Please give again exactly the lines from the top of the material through the line with "Dersim Belediyesi Eşitlik"; omit each picture.
........
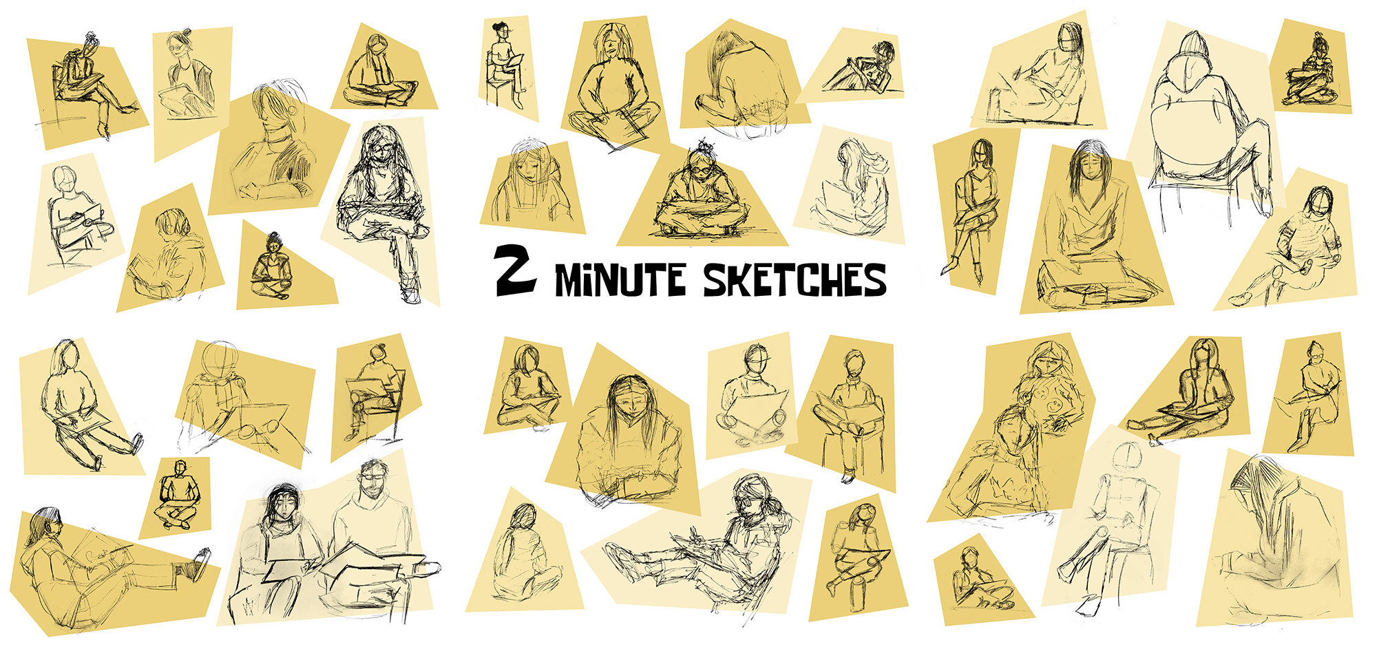 Nach eingehendem Studium der menschlichen Anatomie, stellten sich die Schülerinnen der 5C der Herausforderung Skizzen gegen die Uhr zu erstellen. Innerhalb von zwei Minuten sollte eine beliebige Klassenkameradin abgebildet werden, bevor es weiter mit der nächsten Figurdarstellung ging. Die gesammelten Ergebnisse dieser Schnellzeichen-Challenge präsentierten wir auf einem großen Plakat.
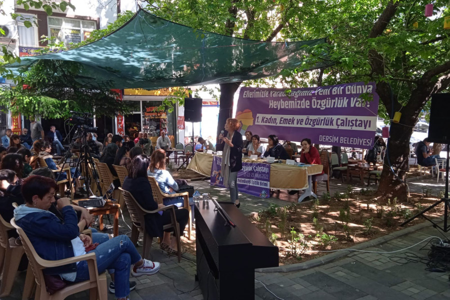 Dersim Belediyesi Eşitlik Biriminin düzenlediği 3 gün sürecek kadın çalıştayı Sanat Sokağı’nda gerçekleşiyor. "Kadın Emeği" başlığıyla düzenlenen ilk gün programında; Melda Yaman "Toplumsal Yeniden Üretim ve Kadın Emeği", Hilal Karul "Kavramsal olarak seks işçiliği ve seks işçisi olmak", Arzu Çerkezoğlu "Kadın emeğinin güncel durumu", Fulya Alikoç "Direnişlerin aynasında kadın işçi olmak: olanaklar ve kısıtlar", Şükran Kablan Yeşil ise "Kamuda kadın emekçiler" başlığı ile sunumlar yaptı. Toplumsal cinsiyet, kamu alanında kadının rolü, emek ve kadın, siyaset şeklinde çok sayıda konunun ele alınacağı çalıştayın açılış konuşmasını Dersim Belediye Başkan Yardımcısı Canan Ay yaptı. Kadının toplumdaki rolünü görünür kılmak amacıyla çalıştayı düzenlediklerini belirten Ay, kentte bulunan tüm kadınları çalıştaya katılmaya davet etti.
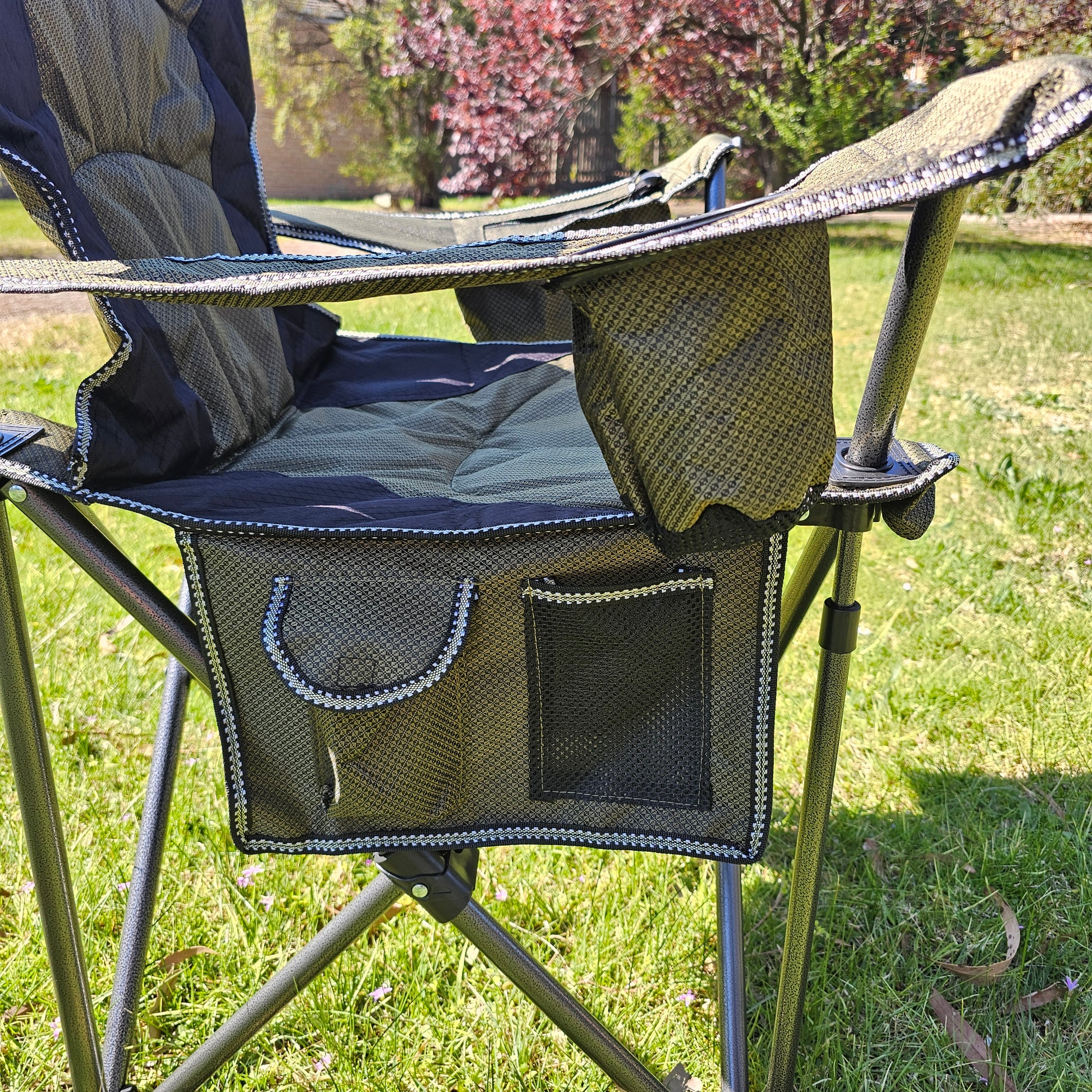 - **Portable and Foldable**: Easily foldable for quick setup and takedown, this chair is ideal for camping, picnics, or any outdoor event. It comes with a sturdy black carrying bag for effortless transport and storage.
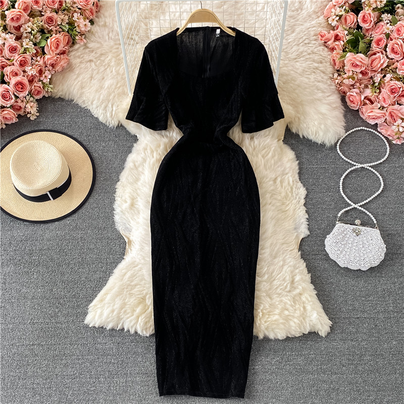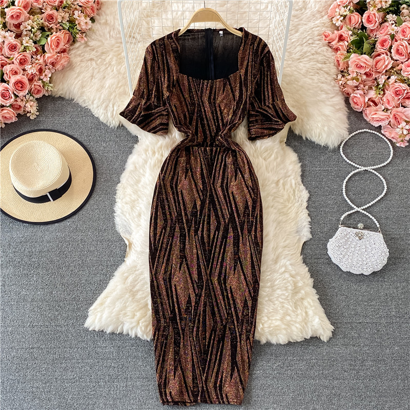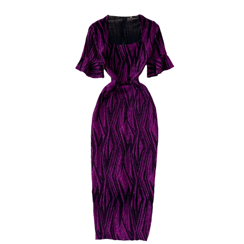 Fashion Ladies’ Evening Dress Summer New Temperament Square Collar Bright Silk Slim Fit Slimming Slit Sheath Dress
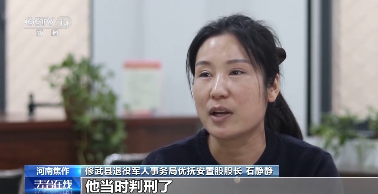 修武县退役军人事务局优抚安置股股长石静静:他当时判刑了,法院肯定会有这个判决书,当时的目标就是去法院查找这个问题。
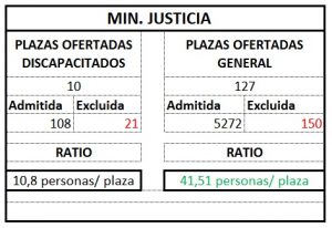 Según los listados completos publicados en la página Web del Ministerio de Justicia, se han presentado 17.747 instancias; de las cuales 17.260 han sido admitidas y tan solo 487, excluidas. A éstas, habrá que añadirles las que se presenten debido a la omisión de estas listas publicadas en el plazo de 10 días hábiles para la subsanación de exclusión u omisión, que comenzó el día hábil siguiente a la publicación del BOE anteriormente mencionado.
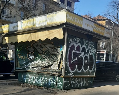L’edicola di Corso Ventidue Marzo angolo Via Fratelli Bronzetti è ormai chiusa da un’anno e da tale data risulta abbandonata e senza nessuna attività commerciale per la quale è stata posizionata.Lo stato di abbandono in cui versa tale area è un continuo punto di degrado per i cittadini, per la via, per le attività commerciali e per la zona.
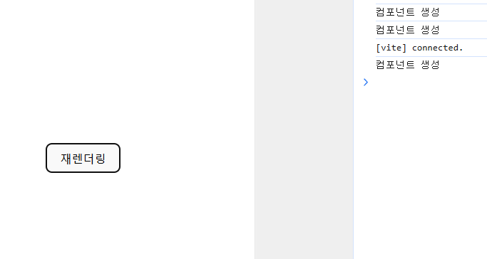 버튼을 클릭해서 setNum을 통해서 재렌더링을 시행할 때 컴포넌트가 DOM이 제거되었다가 다시 생성이 되는 모습을 볼 수 있다.
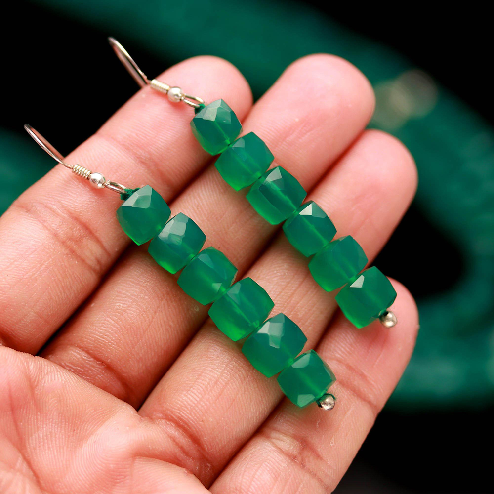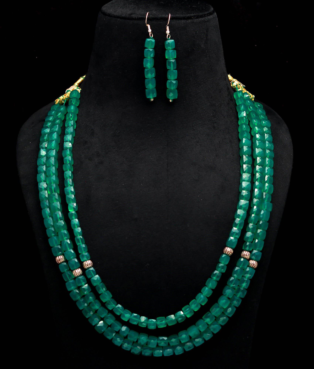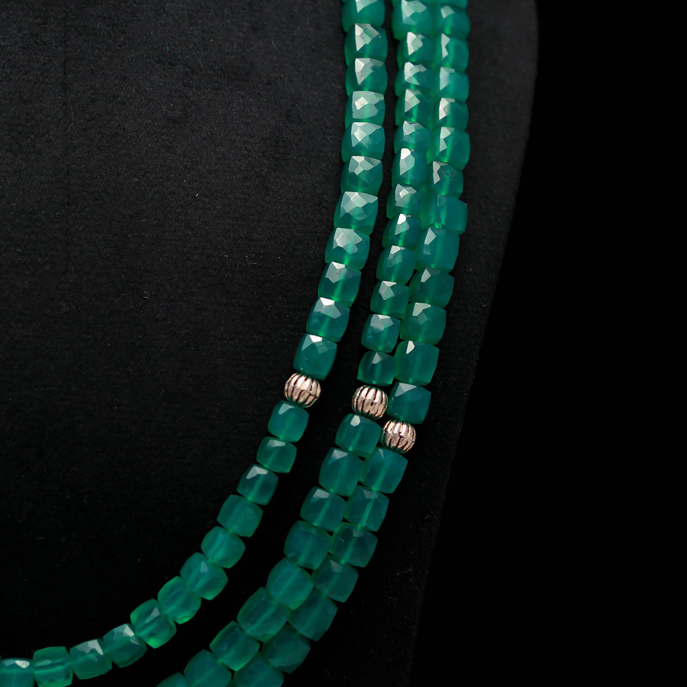 Beaded Green onyx faceted box set
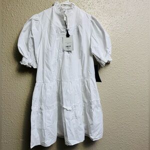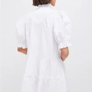 Chic white Dress with ruffled collar. Features button front and puff sleeves. Ideal for elegant occasions.
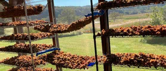 Midwest-grown hazelnuts drying after harvest (above).
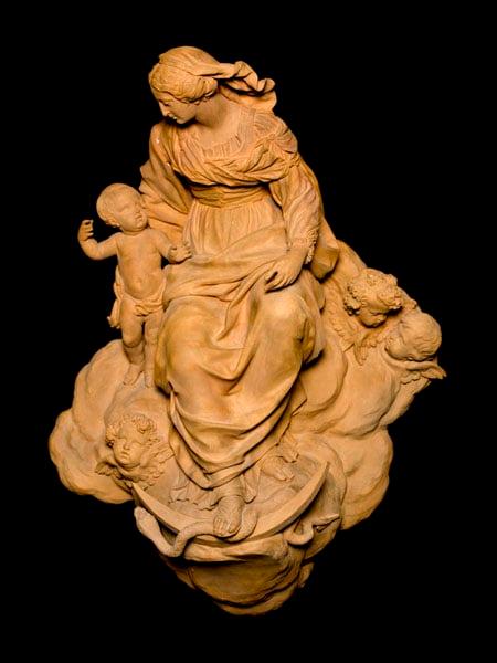The graceful Madonna is seated on a bank of clouds with emerging winged cherub's heads on either side. She looks tenderly downwards towards the Christ Child who stands beside her and places her arm protectively behind him. It was the model for a larger wood carving in the church of St Martin's in Heers, Belgium.
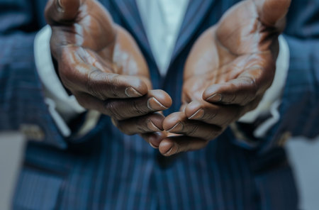 A close up of a persons hands with their palms open, AI
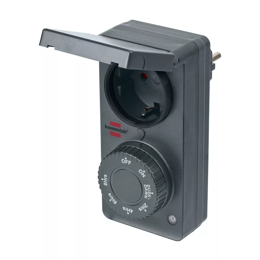 Ezenkívül a szürkületi funkcióval ellátott időzítő fröccsenésbiztos aljzattal rendelkezik, amely fokozottan véd a véletlen érintkezés ellen, ezért ideális kültéri használatra
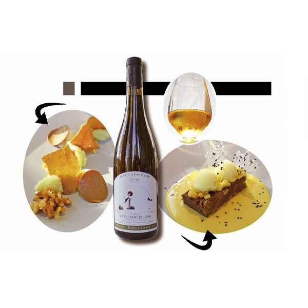 D'autre part, elle nous régale avec un second dessert nommé Saveurs autour de la Reinette : compotée tiède et mousse de pomme Reinette, tuiles pralinées, avec une petite glace maison à la noix. Dégustation du V.T. : « Au nez, on a de suite l'abricot puis des notes mentholées. L'équilibre sucre/acidité est exemplaire sur ce Wiebelsberg, c'est soyeux tout en restant minéral, avec une grande longueur. Le Riesling s'épanouit sur le grès d'Andlau, on en a ici la preuve. En fin de bouche, des amers délicats », commente avec précision Nicolas Jeangeorge.
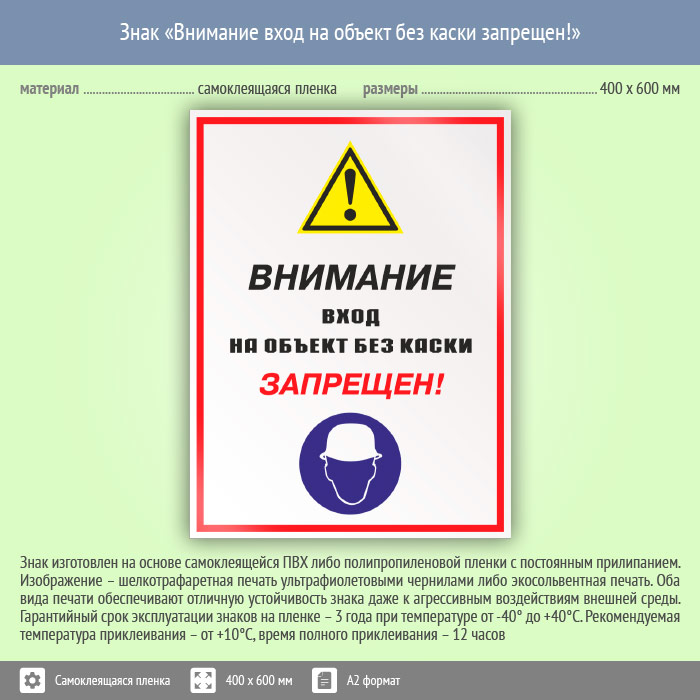 Знак «Внимание вход на объект без каски запрещен!», КЗ-13 (пленка, 400х600 мм) в Лобне купить
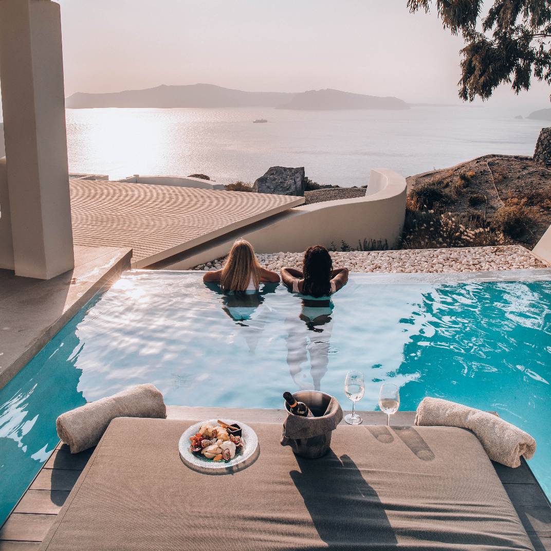Cavo Tagoo Santorini doesn’t have any standard guest rooms, only suites. And those suites deliver the wow factor. Even the most basic option is sleek and spacious, bathed in natural light and featuring a Jacuzzi and a private balcony or terrace. Note the French doors, the copper sink, the potted plants — there’s beauty in the details, which double as welcome reminders that you’re on a Mediterranean island, not somewhere in the Caribbean. Standard amenities include 43-inch flat-screen TVs and free wi-fi. Moving up the scale, the suites get downright lavish, with wide terraces and private plunge pools. The views over the caldera are equally enchanting from Ovac, the hotel’s signature restaurant, or from the daybeds at the open-all-day pool bar and lounge. You could see the sunset from anywhere on the island. But it looks even better from here.
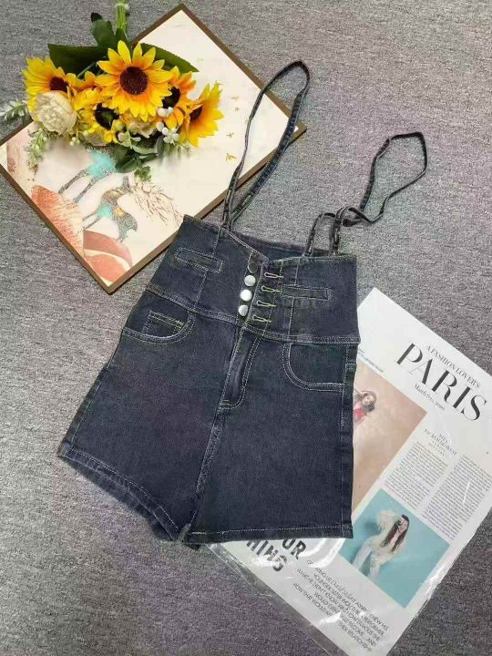 夏季新款靓妹女装弹力修身显瘦牛仔背带短裤,独立包装...
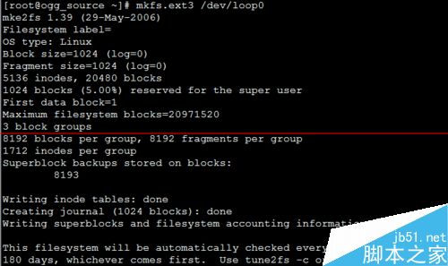 3、格式化設備:mkfs.ext3 /dev/loop0
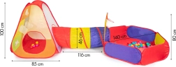 Das große Set (ca. 300 × 120 × 100 cm) schafft einen bunten Bereich zum Durchkrabbeln, Verstecken und Bällewerfen. Ideal für Geschwister und Freunde.
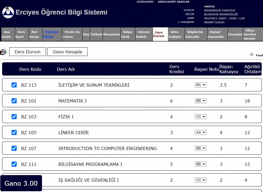 You need to go "Ders Durum" page in obisis.erciyes.edu.tr after that you will see "Gano Hesapla" and "Ders Durum" buttons. These button for making transition between two sections so you will be still have "Ders Durum" page. If you have something wrong with your "gano" then de-select wrong lesson.
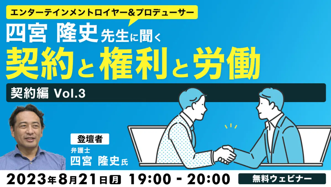エンタテインメントロイヤー&プロデューサー・四宮隆史先生に聞く 契約と権利と労働 ~契約編Vol.3~
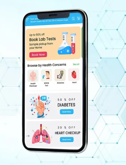 DiagnoMart is a convenient and reliable lab testing app designed to make healthcare easier for everyone. With just a few taps, you can book diagnostic tests, receive home sample collections, and access your reports online — all from the comfort of your home.
........
◆ Exercise output
 Nach eingehendem Studium der menschlichen Anatomie, stellten sich die Schülerinnen der 5C der Herausforderung Skizzen gegen die Uhr zu erstellen. Innerhalb von zwei Minuten sollte eine beliebige Klassenkameradin abgebildet werden, bevor es weiter mit der nächsten Figurdarstellung ging. Die gesammelten Ergebnisse dieser Schnellzeichen-Challenge präsentierten wir auf einem großen Plakat.
 Dersim Belediyesi Eşitlik Biriminin düzenlediği 3 gün sürecek kadın çalıştayı Sanat Sokağı’nda gerçekleşiyor. "Kadın Emeği" başlığıyla düzenlenen ilk gün programında; Melda Yaman "Toplumsal Yeniden Üretim ve Kadın Emeği", Hilal Karul "Kavramsal olarak seks işçiliği ve seks işçisi olmak", Arzu Çerkezoğlu "Kadın emeğinin güncel durumu", Fulya Alikoç "Direnişlerin aynasında kadın işçi olmak: olanaklar ve kısıtlar", Şükran Kablan Yeşil ise "Kamuda kadın emekçiler" başlığı ile sunumlar yaptı. Toplumsal cinsiyet, kamu alanında kadının rolü, emek ve kadın, siyaset şeklinde çok sayıda konunun ele alınacağı çalıştayın açılış konuşmasını Dersim Belediye Başkan Yardımcısı Canan Ay yaptı. Kadının toplumdaki rolünü görünür kılmak amacıyla çalıştayı düzenlediklerini belirten Ay, kentte bulunan tüm kadınları çalıştaya katılmaya davet etti.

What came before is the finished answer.